After the Supreme Court in 2018 overturned a longstanding federal sports gambling law that prohibited the practice (with the exception of Nevada), an army of lobbyists, former regulators, and politicians jumped into action, drafting new state bills that opened the flood gates on sports gambling. These expensive state and federal lobbying campaigns came complete with a dazzling array of gifts to state regulators, ranging from top-shelf champagne bottles, to thousand dollar cigars, to god knows what else.

It has been demonstrably effective.

As an example, Washington state, once one of the most highly regulated states for sports gambling, legalized the practice at tribal casinos in 2021. And then quickly expanded legal sports betting to non-tribal casinos in the following legislative session.

In total, 31 states in five years have opened the door to expanded legal sports gambling. That is fast. If this lobbying machine of regulatory and political change was a race horse, I’d wager a lot of money on its continued success.

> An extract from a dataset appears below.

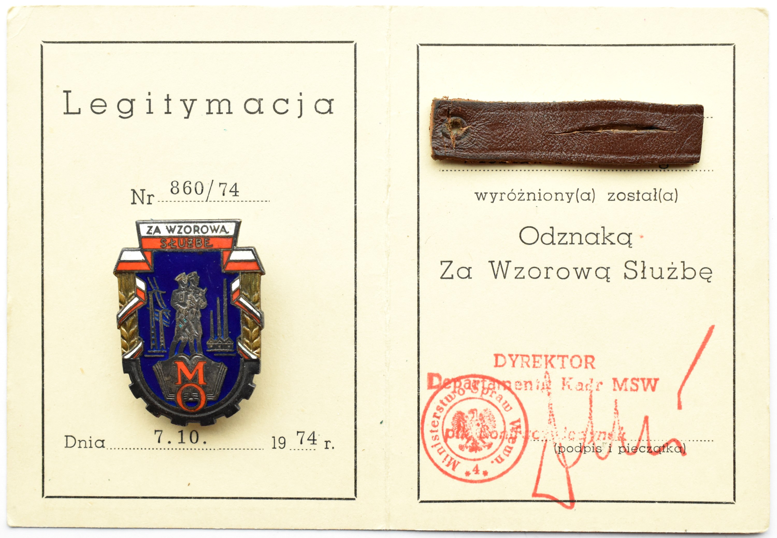 Polska, PRL, odznaka Za Wzorową Służbę w MO z legitymacją z 1974

I have no problem with people gambling. People can spend their money how and where they want, even to their own detriment. But at the same time, seeing the alarming spread of advertisement and funding efforts to put gambling front-and-center in competitive sports, with such intentionality, kinda gives me the ick?

How much further sports betting digs in remains to be seen, but some organizations are attempting set guardrails now.

On March 29th, the NCAA began efforts to curb prop betting in college sports. NCAA president Charlie Baker issued a statement Wednesday asking that states with legalized sports gambling pass laws prohibiting the availability of individual prop bets for college athletic events:

“Sports betting issues are on the rise across the country with prop bets continuing to threaten the integrity of competition and leading to student-athletes and professional athletes getting harassed,” Baker said in a statement. “The NCAA has been working with states to deal with these threats and many are responding by banning college prop bets.